Of course, Prodi can derive some consolation from the fact that his government lasted 20 months. But it was always only a matter of time before his brittle center-left coalition fell apart. And it finally happened in dramatic fashion yesterday – after a fractious no-confidence Senate debate, during which one senator was spat upon, fainted, and had to be carried out on a stretcher.
Alas, it hardly seems to matter why Italians lost confidence in Prodi’s leadership. Because, with the 60-year record cited above, not even the Pope could withstand their fickle scrutiny.
Meanwhile, Berlusconi made it clear yesterday that he is eager for yet another episode as prime minister. Because he responded to the fall of Prodi’s government by declaring that “we need to go to the polls in the shortest time possible without delay”.

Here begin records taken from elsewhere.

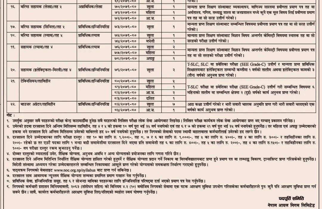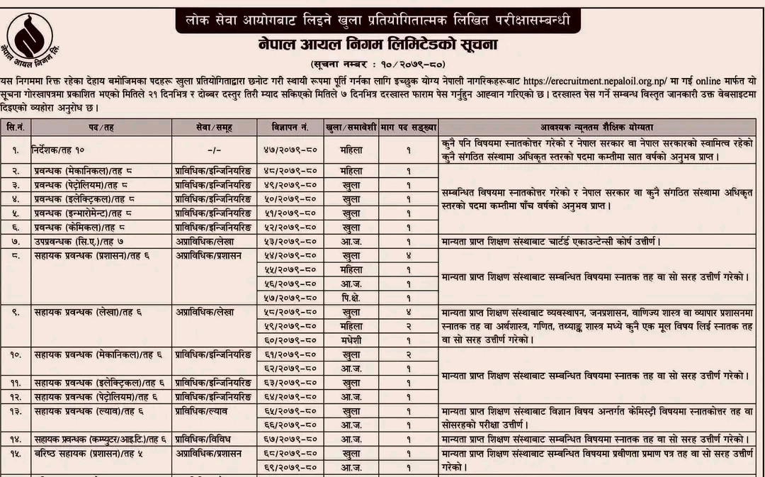 निगमले लोकसेवाबाट परीक्षा लिनेगरी ६० पदमा दरखास्त आह्वान गरेको हो। निगमले इच्छुकले २१ दिनभित्र दरखास्त दिन सक्नेछन् ।
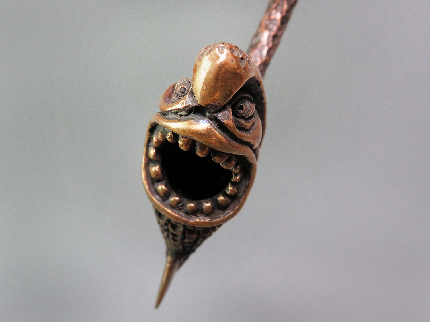 A small bronze pipe with a bowl shaped like a shark with its jaws wide open. It will appeal to those who love speed, brutality, and, of course, the sea.
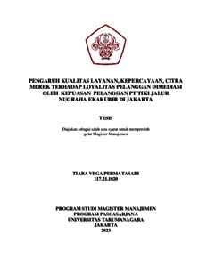 PERMATASARI, TIARA VEGA (2022) PENGARUH KUALITAS LAYANAN, KEPERCAYAAN, CITRA MEREK TERHADAP LOYALITAS PELANGGAN DIMEDIASI OLEH KEPUASAN PELANGGAN PT TIKI JALUR NUGRAHA EKAKURIR DI JAKARTA. Masters thesis, Universitas Tarumanagara.
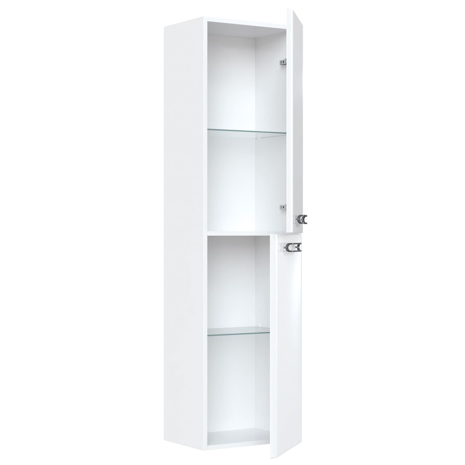Пенал для ванной комнаты, подвесной. Размеры: 300х400х1500 мм (ДхШхВ). Универсальная ориентация. Фасады МДФ 19 мм в эмали (цвет белый глянец). Корпус влагостойкий ЛДСП 16 мм в эмали. Две дверцы. Ручки - цвет состаренное олово. Стеклянные полки 4 мм с фиксаторами. Петли с доводчиками. Упаковка: картон, пленка, пенопластовые уголки.
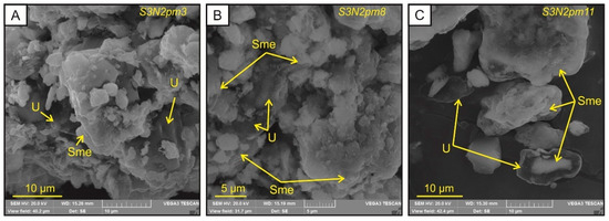 SEM images of composites S3N2pm3 (A), S3N2pm8 (B), and S3N2pm11 (C). Note the thicker urea coating in S3N2pm11 compared to other composites. U—urea particles, Sme—smectite (montmorillonite) relics.
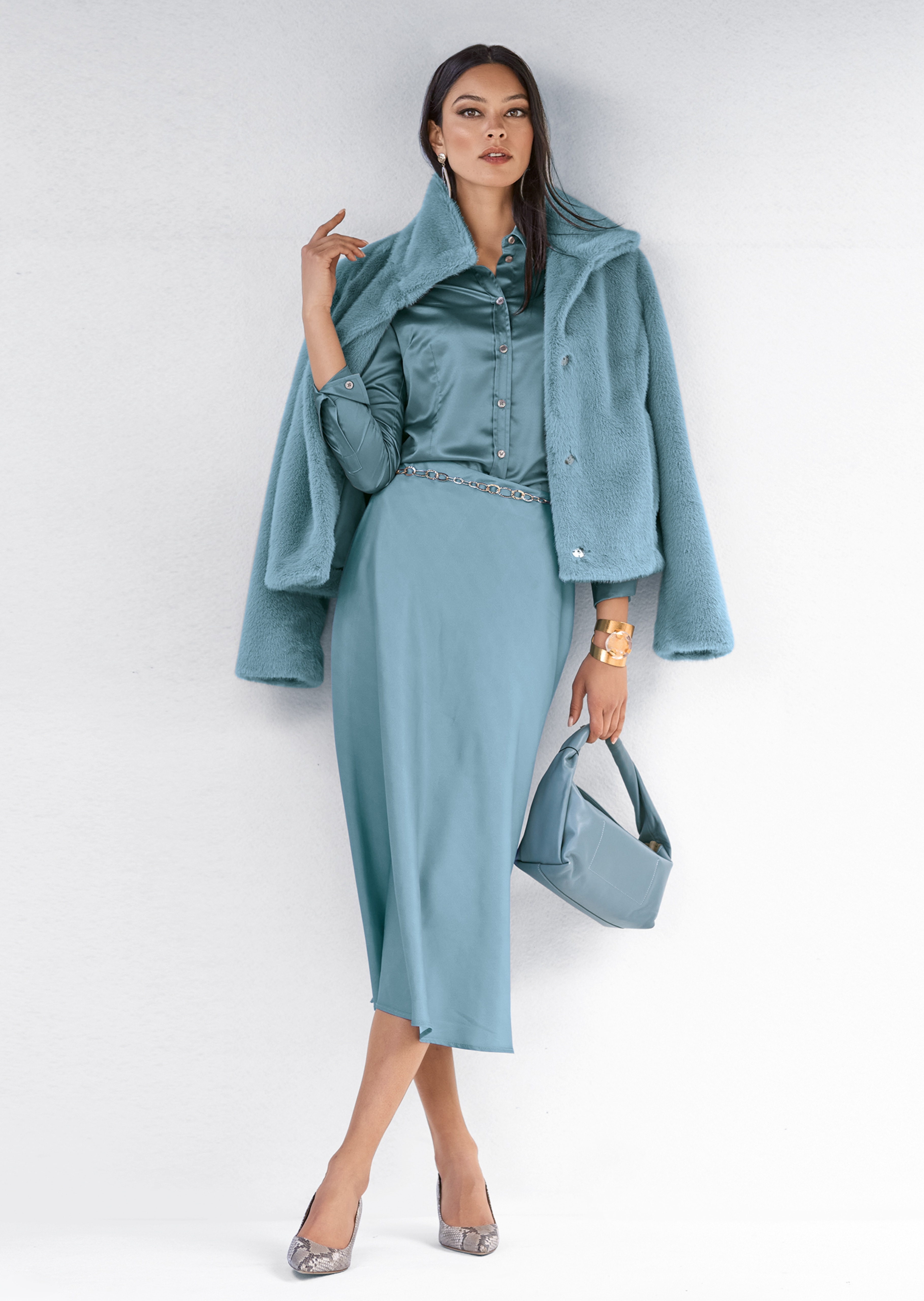 Satin fluide et légèrement brillant. Coupe légèrement évasée vers le bas. Longueur seyante. Zip sur le côté.
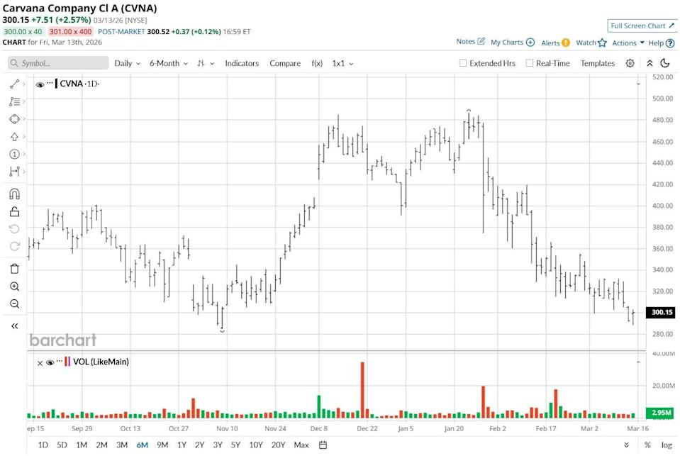 Carvana (CVNA) shares closed in the green on March 13 after the online used car retailer announced a 5-for-1 forward stock split — its first since inception in 2012. The announcement arrives just weeks after the company reported market-beating results for its Q4 on higher-than-expected vehicle sales. Carvana stock has still been in a sharp downtrend amid broader market weakness. At the time of writing, it’s down about 38% versus its year-to-date high in late January. How the Microsoft Stock Correction Created a $4K Options Opportunity Microsoft Is Racing to Beat Claude Cowork. A Big Catalyst for MSFT Stock Is Coming May 1. Stocks Erase Early Gains on Iran War Anxiety Get exclusive insights with the FREE Barchart Brief newsletter. Subscribe now for quick, incisive midday market analysis you won't find anywhere else. While a stock split doesn’t change the fundamental valuation of a company, it’s often viewed as management’s “vote of confidence." By lowering the nominal price of its shares — moving it from north of $300 to roughly $60 only — Carvana is significantly lowering the barrier to entry for both retail investors and employees. This increased liquidity often invites higher trading volume that drives the stock price higher. Additionally, the timing is key; management noted the split follows a 2025 that saw all-time record for units and profitability, signaling leadership believes the company is poised for future growth. This makes CVNA shares super attractive to own in 2026. William Blair also reiterated its “Outperform” rating on Carvana shares on Friday. According to William Blair analysts, the split announcement aligns with CVNA’s broader mission of democratizing company ownership among its team members through its discounted Employee Stock Purchase Plan. The move reflects a maturing company that has successfully transitioned from survival mode to an industry leader in growth and operational efficiency, the analysts added. In a research note dated March 13, the investment firm also said Carvana’s underlying fundamentals (specifically its path toward 3 million annual units and improved EBITDA margins) remains the primary drivers for long-term value creation. According to Barchart, the put-to-call ratio on options contracts expiring mid-June is skewed to the upside as well, with the upper price of about $383 signaling potential for 27% upside over the next three months. Other Wall Street analysts agree with William Blair’s bullish view on Carvana, especially since its 14-day relative strength index (RSI) in the mid-30s signals that bearish momentum is now approaching exhaustion. The consensus rating on CVNA stock remains at “Strong Buy,” with the mean target of about $444 indicating potential upside of a little under 50% from here. This article was created with the support of automated content tools from our partners at Sigma.AI. Together, our financial data and AI solutions help us to deliver more informed market headline analysis to readers faster than ever. On the date of publication, Wajeeh Khan did not have (either directly or indirectly) positions in any of the securities mentioned in this article. All information and data in this article is solely for informational purposes. This article was originally published on Barchart.com
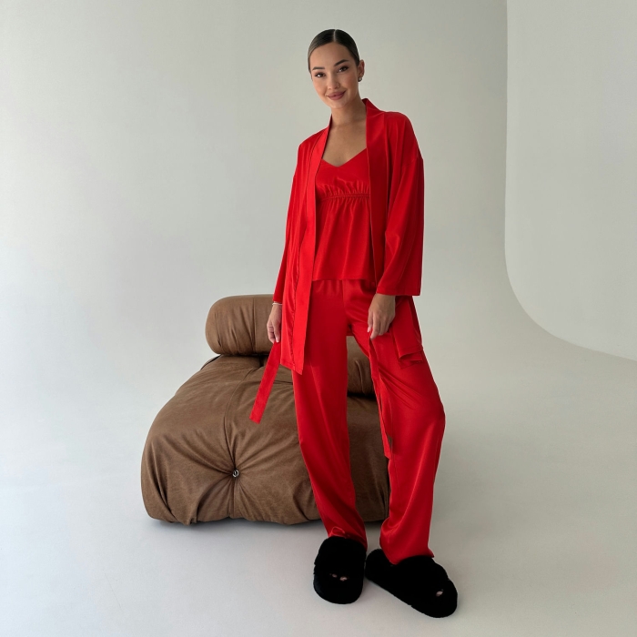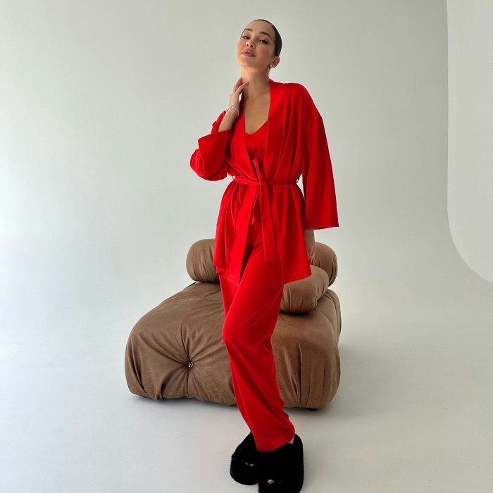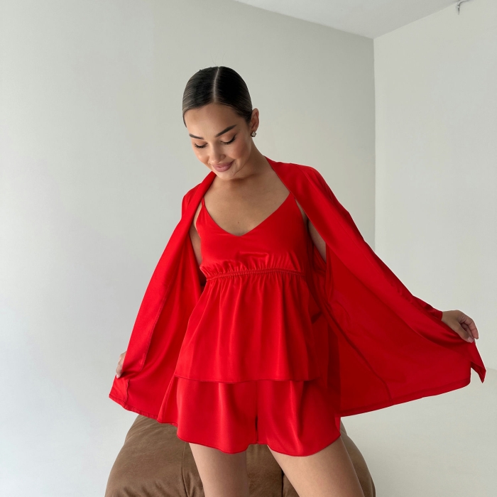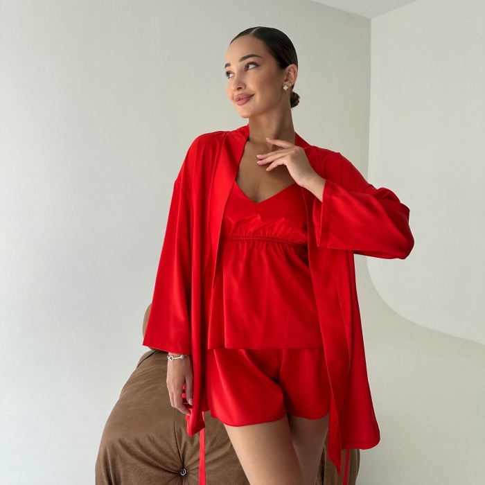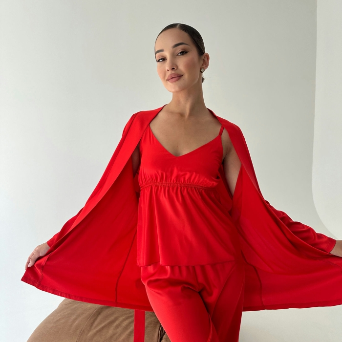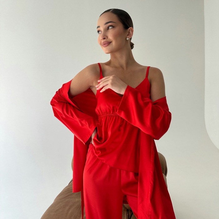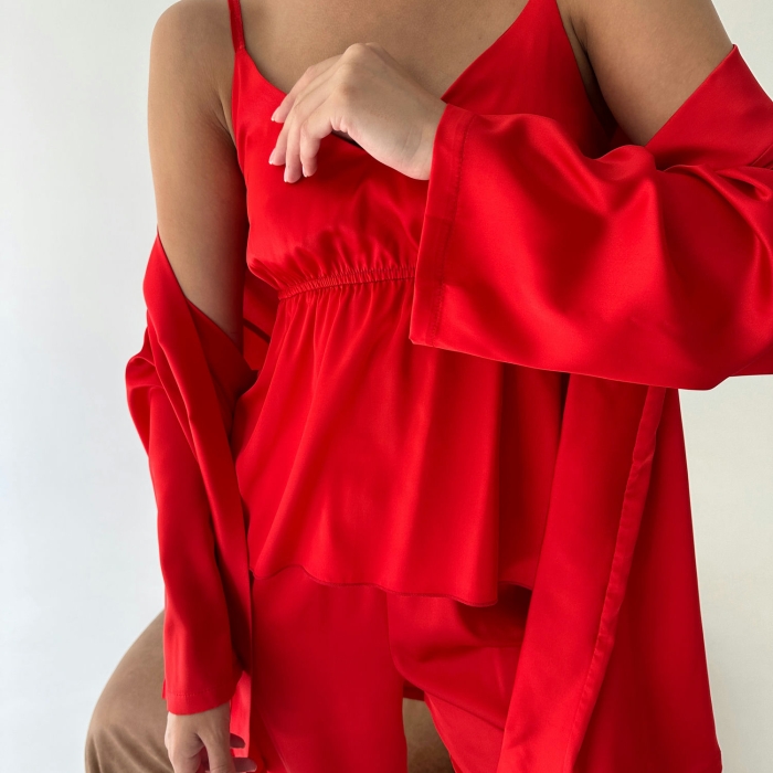 Домашній комплект складається з чотирьох елементів: шовкового халата, майки, шортів та довгих штанів. Кожна деталь цього комплекту створена для того, щоб ви відчували себе особливою навіть вдома.

And it would not surprise me if Italians re-elect him…again. This, notwithstanding that Berlusconi seemed to spend almost as much time during his beleaguered premierships (April 1994 – January 1995 and June 2001- May 2006) defending himself in court (against a battery of corruption charges) as he did representing them.
After all, there’s no denying that Berlusconi has been the most influential, dynamic and stabilizing figure in Italian politics since World War II.